AB : J’ai parlé avec Gaspard Giercé, un saxophoniste qui a fait le CRB [conservatoire francophone]. Il louait une chambre d’un ami de mon père. Il m’a recommandé de faire l’examen au KCB qui est plus ouvert musicalement.
SD : Et pour la langue aussi, tu parlais déjà français?
AB : Oui, mon père est Belge. Tu ne le savais pas?
SD : Tu me l’avais déjà dit, mais c’est bien de le rappeler.
AB : Donc j’ai emménagé ici, mais culturellement je me sens espagnole. De ma famille belge, la seule avec qui j’ai un rapport proche est ma cousine.
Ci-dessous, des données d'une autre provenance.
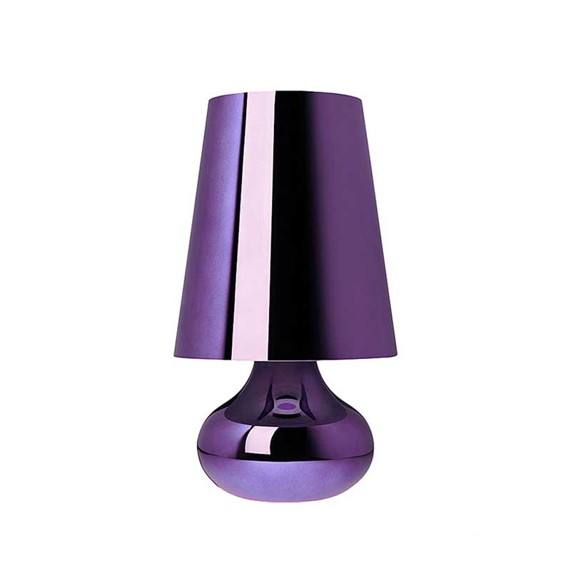 Cindy is a typical 70s table lamp whose shape and colour have been modernised by the designer Ferruccio Laviani. Produced by Kartell, it features a conical shade and a drop-shaped spherical base, and is available in a wide range of metallic opaque tones: platinum, dark gold, fuchsia, rifle barrel, and more. The entire body is made of ABS. Cindy's uniqueness is its glossy finish: chrome plating gives rise to stunning ever-changing reflections creating a unique touch of luxury and modernity.

SD : Donc tu as vraiment été élevée en Espagne, tu as quand même un lien avec la Belgique, mais tu aurais pu te retrouver à Amsterdam ou Rotterdam.
AB : Oui, c’est ça. Mais maintenant je suis contente d’être là. J’ai parlé avec des gens qui sont à Amsterdam, et ça semble beaucoup plus compétitif, beaucoup plus carré. D’un côté, cela m’a manqué à Bruxelles. J’ai été prise au conservatoire, je suis venue comme quelqu’un qui allait tout apprendre…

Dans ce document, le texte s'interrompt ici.